QUANT-PHFeb 15, 2021
Universal Adversarial Examples and Perturbations for Quantum ClassifiersWeiyuan Gong, Dong-Ling Deng
Quantum machine learning explores the interplay between machine learning and quantum physics, which may lead to unprecedented perspectives for both fields. In fact, recent works have shown strong evidences that quantum computers could outperform classical computers in solving certain notable machine learning tasks.
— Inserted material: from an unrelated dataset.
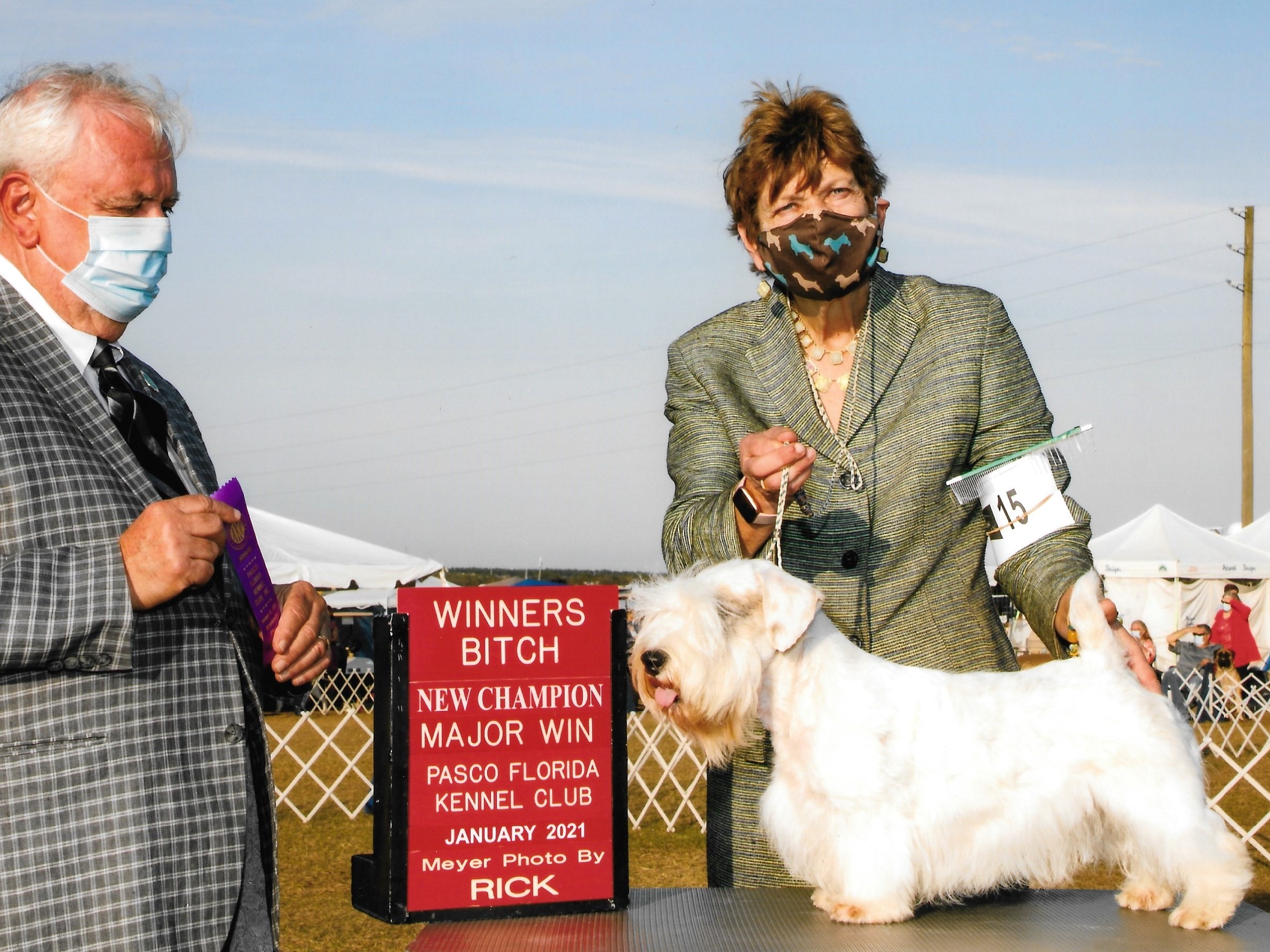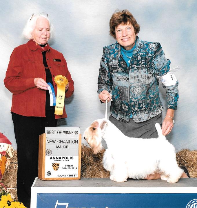 After a disrupted show season in 2020 Gina finished her championship from the Bred-By-Exhibitor class with co-breeder and co-owner Margery Good in Brooksville, FL in January 2021. Gina is Sophia's 6th champion and she was created using frozen semen from the top winning dog Badger (the original Badger). She is compact with a wonderful coat and fantastic disposition. Look for Gina in selected shows in 2021.

Yet, quantum learning systems may also suffer from the vulnerability problem: adding a tiny carefully-crafted perturbation to the legitimate input data would cause the systems to make incorrect predictions at a notably high confidence level. In this paper, we study the universality of adversarial examples and perturbations for quantum classifiers. Through concrete examples involving classifications of real-life images and quantum phases of matter, we show that there exist universal adversarial examples that can fool a set of different quantum classifiers. We prove that for a set of $k$ classifiers with each receiving input data of $n$ qubits, an $O(\frac{\ln k} {2^n})$ increase of the perturbation strength is enough to ensure a moderate universal adversarial risk. In addition, for a given quantum classifier we show that there exist universal adversarial perturbations, which can be added to different legitimate samples and make them to be adversarial examples for the classifier. Our results reveal the universality perspective of adversarial attacks for quantum machine learning systems, which would be crucial for practical applications of both near-term and future quantum technologies in solving machine learning problems.